• _The data_
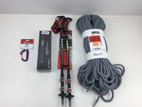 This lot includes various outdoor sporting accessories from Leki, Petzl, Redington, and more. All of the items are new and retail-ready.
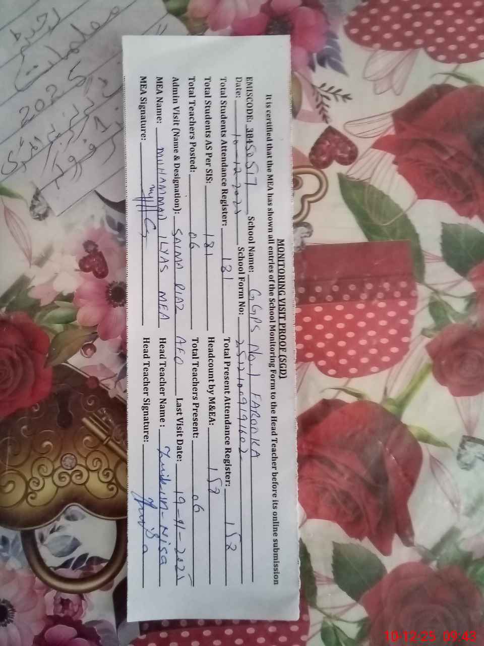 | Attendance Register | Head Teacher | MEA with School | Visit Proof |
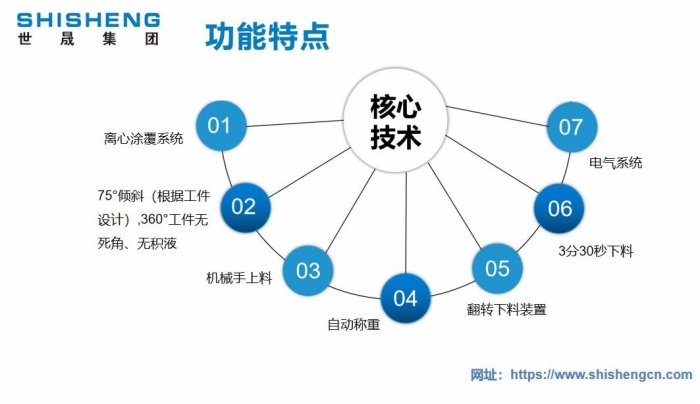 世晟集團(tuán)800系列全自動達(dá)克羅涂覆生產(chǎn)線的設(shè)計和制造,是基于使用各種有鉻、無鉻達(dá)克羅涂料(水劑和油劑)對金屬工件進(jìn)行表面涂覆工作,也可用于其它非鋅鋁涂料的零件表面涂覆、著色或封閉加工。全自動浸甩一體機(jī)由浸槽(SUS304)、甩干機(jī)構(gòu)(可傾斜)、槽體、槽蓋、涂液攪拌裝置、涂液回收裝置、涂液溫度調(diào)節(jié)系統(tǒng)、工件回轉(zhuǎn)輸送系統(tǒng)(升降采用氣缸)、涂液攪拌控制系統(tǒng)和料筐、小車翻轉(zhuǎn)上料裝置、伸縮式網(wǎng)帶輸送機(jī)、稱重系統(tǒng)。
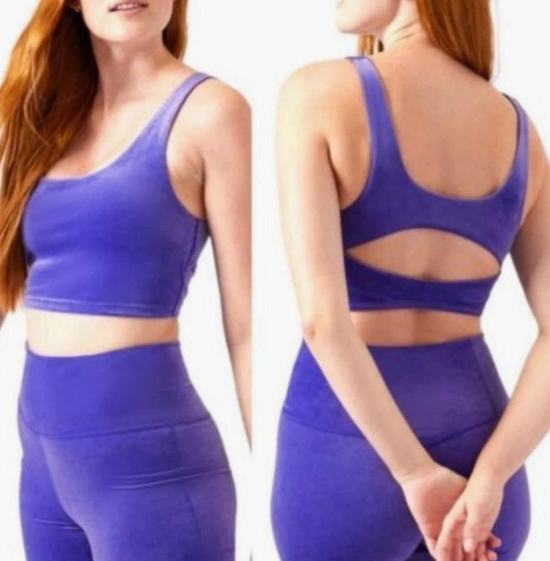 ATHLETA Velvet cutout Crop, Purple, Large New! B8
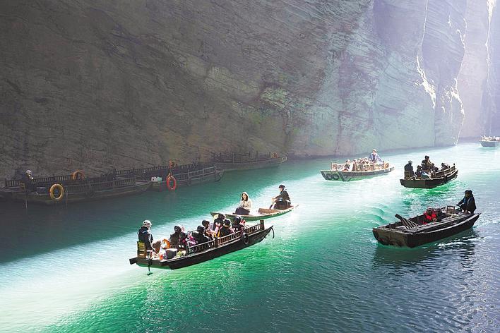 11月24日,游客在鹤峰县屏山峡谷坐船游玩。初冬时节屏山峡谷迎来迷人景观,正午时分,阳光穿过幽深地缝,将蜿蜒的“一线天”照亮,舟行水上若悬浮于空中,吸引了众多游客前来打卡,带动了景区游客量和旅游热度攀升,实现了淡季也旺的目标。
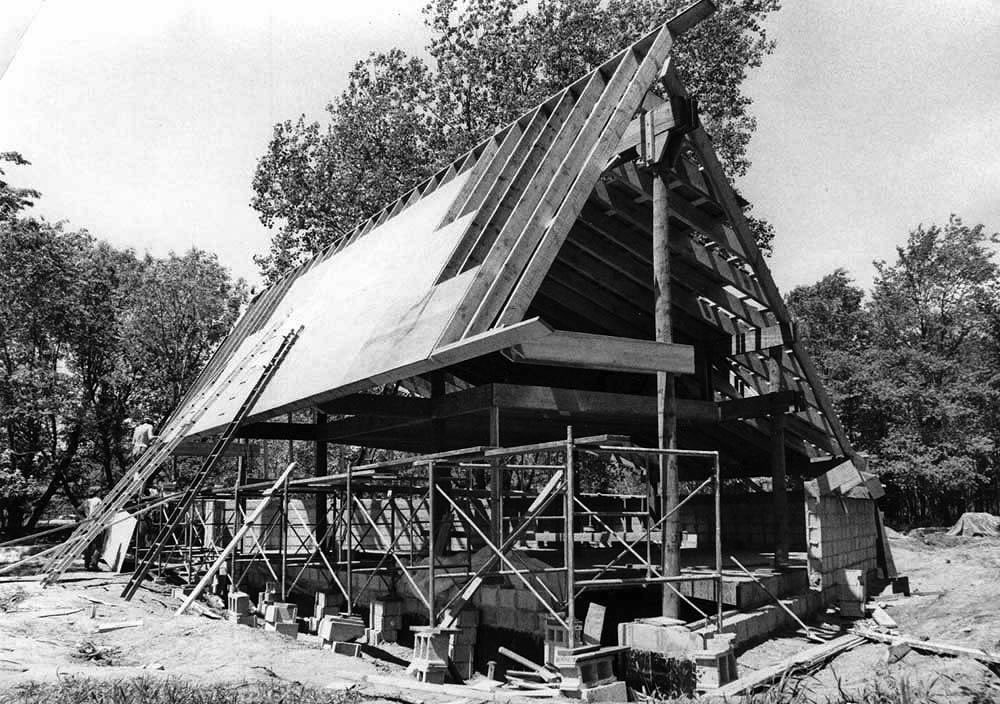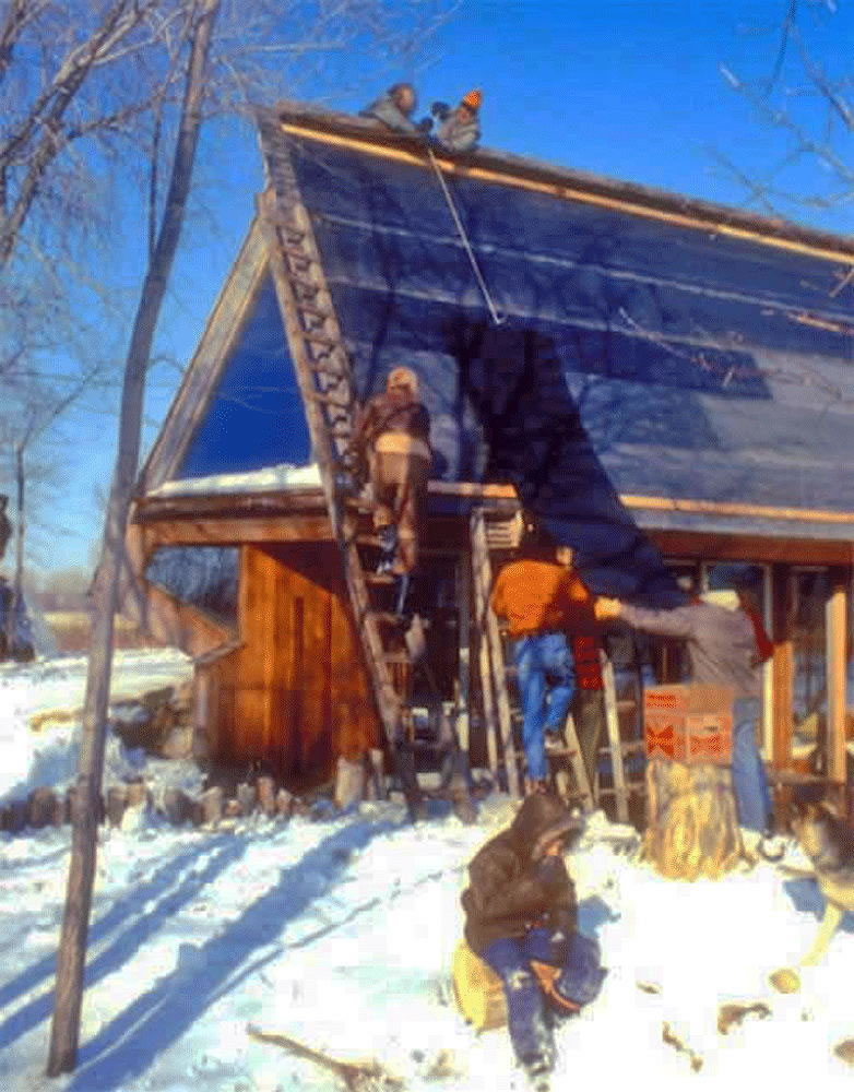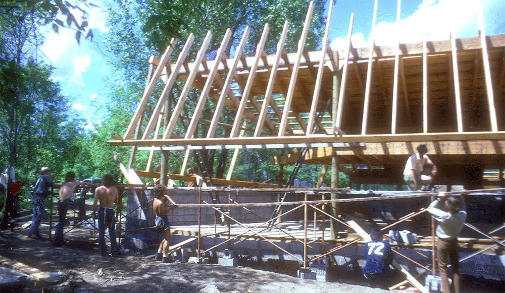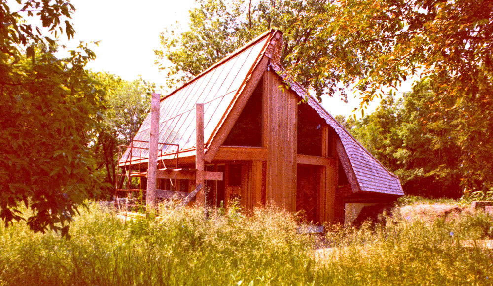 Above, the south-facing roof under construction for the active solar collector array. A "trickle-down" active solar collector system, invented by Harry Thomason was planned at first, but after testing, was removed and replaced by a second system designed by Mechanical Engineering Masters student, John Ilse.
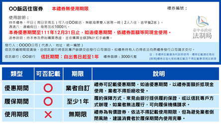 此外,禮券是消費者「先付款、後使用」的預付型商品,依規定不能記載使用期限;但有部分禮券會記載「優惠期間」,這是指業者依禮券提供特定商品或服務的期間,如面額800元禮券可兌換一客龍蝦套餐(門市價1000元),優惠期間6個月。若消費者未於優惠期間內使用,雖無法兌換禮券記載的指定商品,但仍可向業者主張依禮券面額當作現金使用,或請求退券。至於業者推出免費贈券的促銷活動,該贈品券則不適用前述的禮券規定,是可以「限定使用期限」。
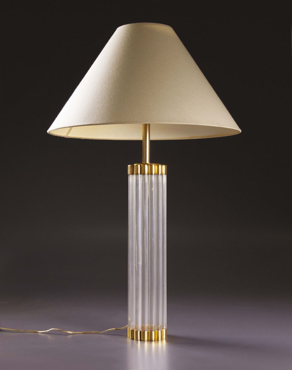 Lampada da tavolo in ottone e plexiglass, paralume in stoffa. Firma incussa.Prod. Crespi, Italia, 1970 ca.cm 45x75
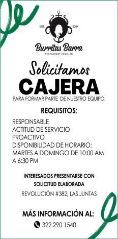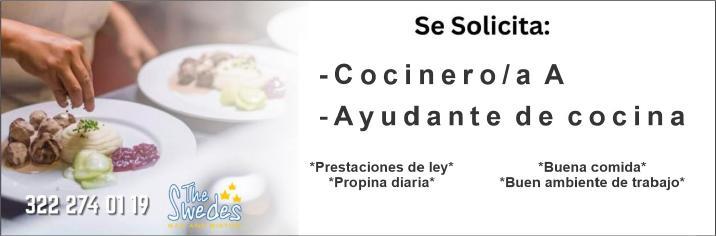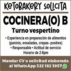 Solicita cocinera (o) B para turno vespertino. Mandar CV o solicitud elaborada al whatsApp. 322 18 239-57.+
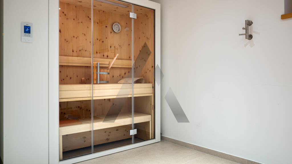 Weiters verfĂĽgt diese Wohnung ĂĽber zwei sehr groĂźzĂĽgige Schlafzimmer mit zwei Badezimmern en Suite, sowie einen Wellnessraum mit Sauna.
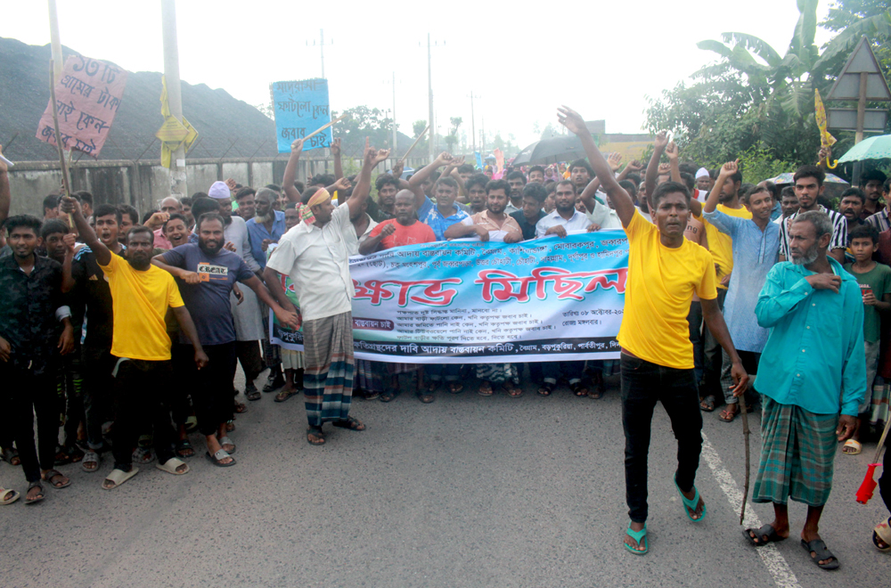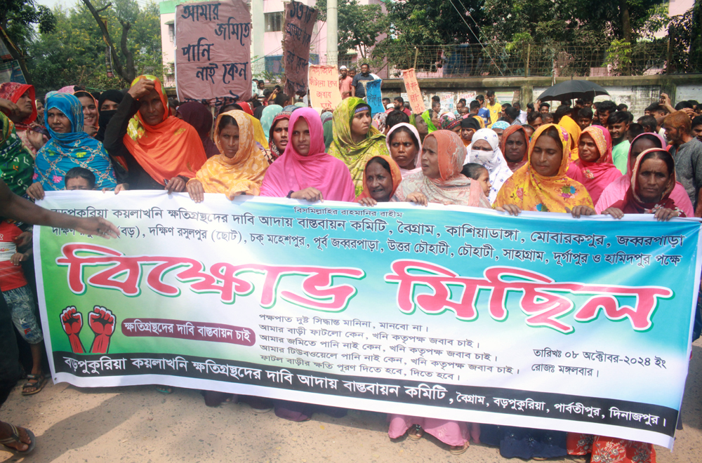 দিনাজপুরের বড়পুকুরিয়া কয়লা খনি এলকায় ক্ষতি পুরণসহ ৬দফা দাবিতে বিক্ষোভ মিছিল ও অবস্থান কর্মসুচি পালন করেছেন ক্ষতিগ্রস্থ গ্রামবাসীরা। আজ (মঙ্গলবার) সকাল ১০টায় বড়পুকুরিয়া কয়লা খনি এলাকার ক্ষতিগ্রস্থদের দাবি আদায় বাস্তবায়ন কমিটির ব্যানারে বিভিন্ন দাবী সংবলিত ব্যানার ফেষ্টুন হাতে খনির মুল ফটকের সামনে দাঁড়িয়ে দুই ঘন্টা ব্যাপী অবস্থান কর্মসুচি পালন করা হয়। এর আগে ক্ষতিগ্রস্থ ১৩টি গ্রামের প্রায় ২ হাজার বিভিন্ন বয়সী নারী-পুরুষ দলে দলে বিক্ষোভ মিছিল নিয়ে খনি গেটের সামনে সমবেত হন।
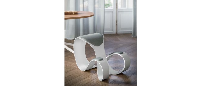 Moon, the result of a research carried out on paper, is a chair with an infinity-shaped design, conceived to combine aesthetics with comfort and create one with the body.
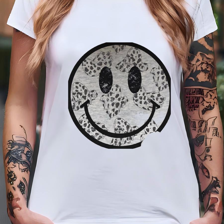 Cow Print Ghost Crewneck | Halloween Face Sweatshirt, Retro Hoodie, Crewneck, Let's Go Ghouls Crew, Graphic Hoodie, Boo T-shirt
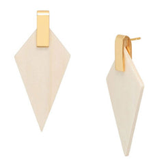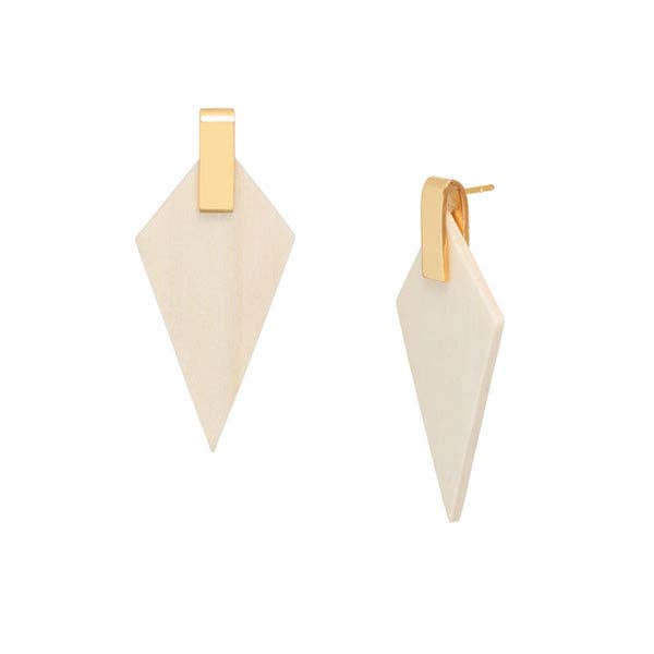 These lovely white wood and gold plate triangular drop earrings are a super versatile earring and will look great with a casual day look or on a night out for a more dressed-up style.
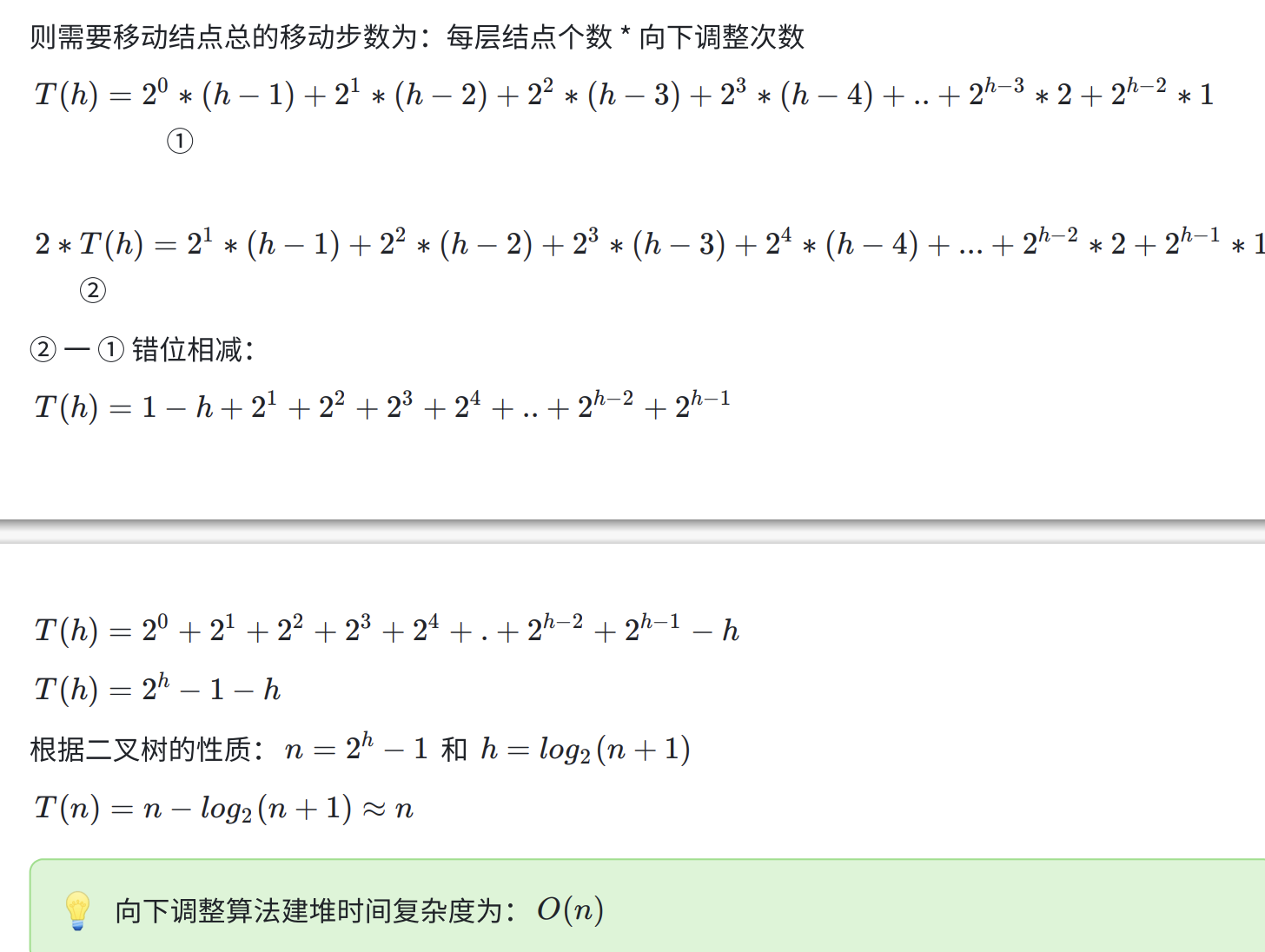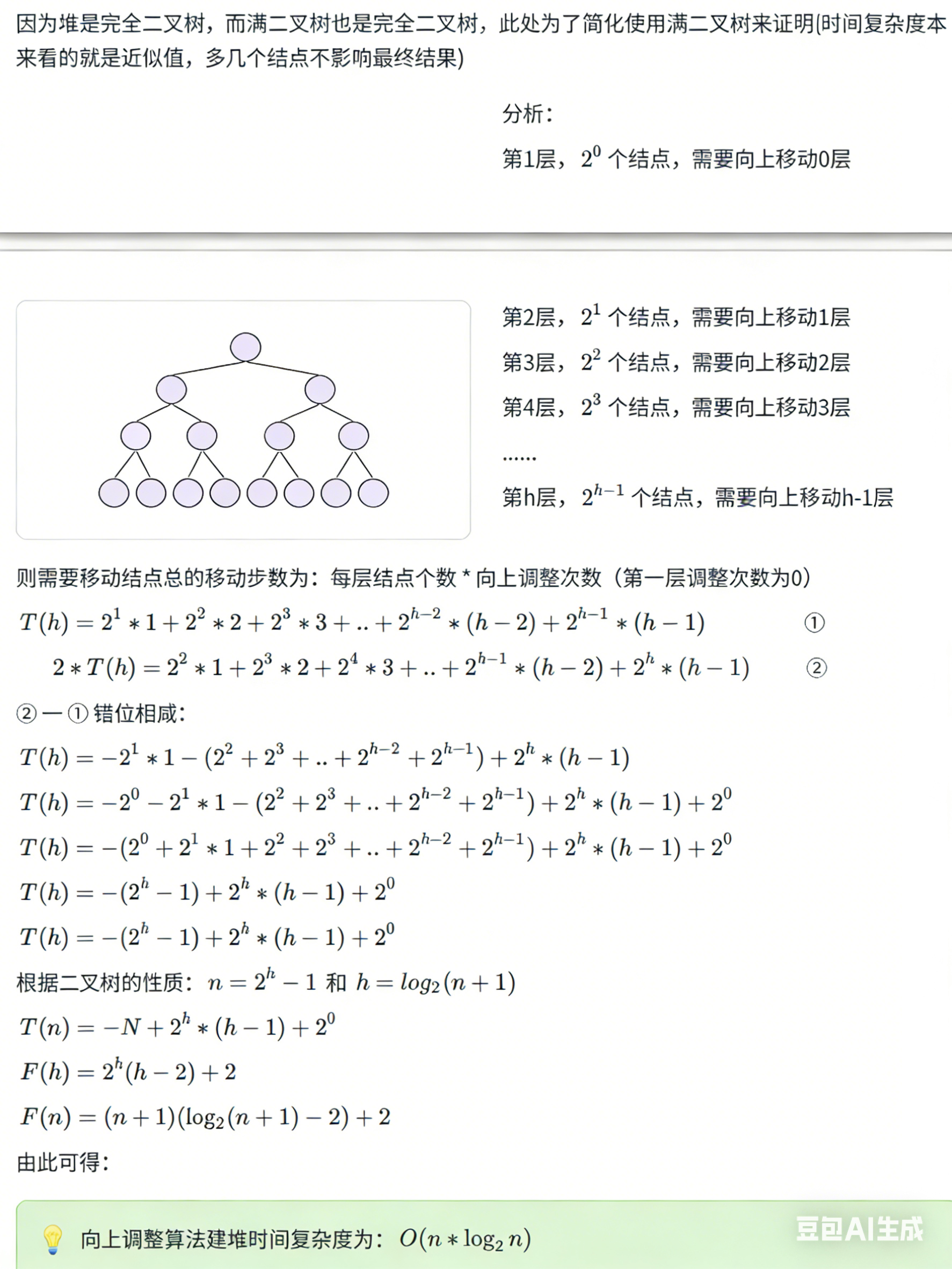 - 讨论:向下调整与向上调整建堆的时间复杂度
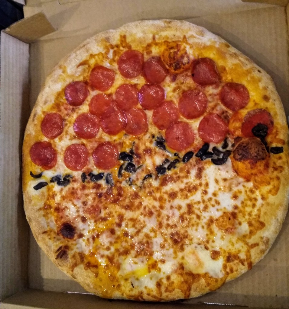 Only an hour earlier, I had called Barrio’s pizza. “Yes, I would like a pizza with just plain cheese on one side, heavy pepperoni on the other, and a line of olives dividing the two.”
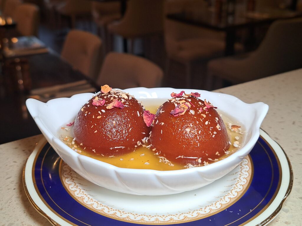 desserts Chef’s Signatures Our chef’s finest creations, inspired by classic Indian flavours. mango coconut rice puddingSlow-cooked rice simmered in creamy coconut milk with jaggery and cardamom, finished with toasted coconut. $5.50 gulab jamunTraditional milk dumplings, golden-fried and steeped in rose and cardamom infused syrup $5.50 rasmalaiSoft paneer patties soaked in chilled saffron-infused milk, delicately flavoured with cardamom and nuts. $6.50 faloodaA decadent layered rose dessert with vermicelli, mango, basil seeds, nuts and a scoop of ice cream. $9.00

• _Aim of the exercise_
Extract from the material above the stretch running from the line containing "Visit Proof |" through the line containing "Lampada da tavolo". Keep the text exact and the pictures out.

• _Written response_
 | Attendance Register | Head Teacher | MEA with School | Visit Proof |
 世晟集團(tuán)800系列全自動達(dá)克羅涂覆生產(chǎn)線的設(shè)計和制造,是基于使用各種有鉻、無鉻達(dá)克羅涂料(水劑和油劑)對金屬工件進(jìn)行表面涂覆工作,也可用于其它非鋅鋁涂料的零件表面涂覆、著色或封閉加工。全自動浸甩一體機(jī)由浸槽(SUS304)、甩干機(jī)構(gòu)(可傾斜)、槽體、槽蓋、涂液攪拌裝置、涂液回收裝置、涂液溫度調(diào)節(jié)系統(tǒng)、工件回轉(zhuǎn)輸送系統(tǒng)(升降采用氣缸)、涂液攪拌控制系統(tǒng)和料筐、小車翻轉(zhuǎn)上料裝置、伸縮式網(wǎng)帶輸送機(jī)、稱重系統(tǒng)。
 ATHLETA Velvet cutout Crop, Purple, Large New! B8
 11月24日,游客在鹤峰县屏山峡谷坐船游玩。初冬时节屏山峡谷迎来迷人景观,正午时分,阳光穿过幽深地缝,将蜿蜒的“一线天”照亮,舟行水上若悬浮于空中,吸引了众多游客前来打卡,带动了景区游客量和旅游热度攀升,实现了淡季也旺的目标。
 Above, the south-facing roof under construction for the active solar collector array. A "trickle-down" active solar collector system, invented by Harry Thomason was planned at first, but after testing, was removed and replaced by a second system designed by Mechanical Engineering Masters student, John Ilse.
 此外,禮券是消費者「先付款、後使用」的預付型商品,依規定不能記載使用期限;但有部分禮券會記載「優惠期間」,這是指業者依禮券提供特定商品或服務的期間,如面額800元禮券可兌換一客龍蝦套餐(門市價1000元),優惠期間6個月。若消費者未於優惠期間內使用,雖無法兌換禮券記載的指定商品,但仍可向業者主張依禮券面額當作現金使用,或請求退券。至於業者推出免費贈券的促銷活動,該贈品券則不適用前述的禮券規定,是可以「限定使用期限」。
 Lampada da tavolo in ottone e plexiglass, paralume in stoffa. Firma incussa.Prod. Crespi, Italia, 1970 ca.cm 45x75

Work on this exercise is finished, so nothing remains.